**REQUIRED WORK**
Type out the entries again, matching each one exactly.

**MATERIAL SUPPLIED**
———
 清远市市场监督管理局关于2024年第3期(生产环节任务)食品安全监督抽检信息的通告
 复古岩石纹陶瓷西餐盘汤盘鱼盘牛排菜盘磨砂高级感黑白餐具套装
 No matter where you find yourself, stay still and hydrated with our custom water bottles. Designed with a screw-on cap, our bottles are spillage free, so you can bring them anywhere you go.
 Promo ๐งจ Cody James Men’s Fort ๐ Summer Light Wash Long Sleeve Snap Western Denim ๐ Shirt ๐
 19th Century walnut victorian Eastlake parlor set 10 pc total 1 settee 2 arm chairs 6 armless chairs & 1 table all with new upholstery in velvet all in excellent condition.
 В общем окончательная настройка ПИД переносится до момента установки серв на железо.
———
**ANSWER SECTION**
 清远市市场监督管理局关于2024年第3期(生产环节任务)食品安全监督抽检信息的通告
 复古岩石纹陶瓷西餐盘汤盘鱼盘牛排菜盘磨砂高级感黑白餐具套装
 No matter where you find yourself, stay still and hydrated with our custom water bottles. Designed with a screw-on cap, our bottles are spillage free, so you can bring them anywhere you go.
 Promo ๐งจ Cody James Men’s Fort ๐ Summer Light Wash Long Sleeve Snap Western Denim ๐ Shirt ๐
 19th Century walnut victorian Eastlake parlor set 10 pc total 1 settee 2 arm chairs 6 armless chairs & 1 table all with new upholstery in velvet all in excellent condition.
 В общем окончательная настройка ПИД переносится до момента установки серв на железо.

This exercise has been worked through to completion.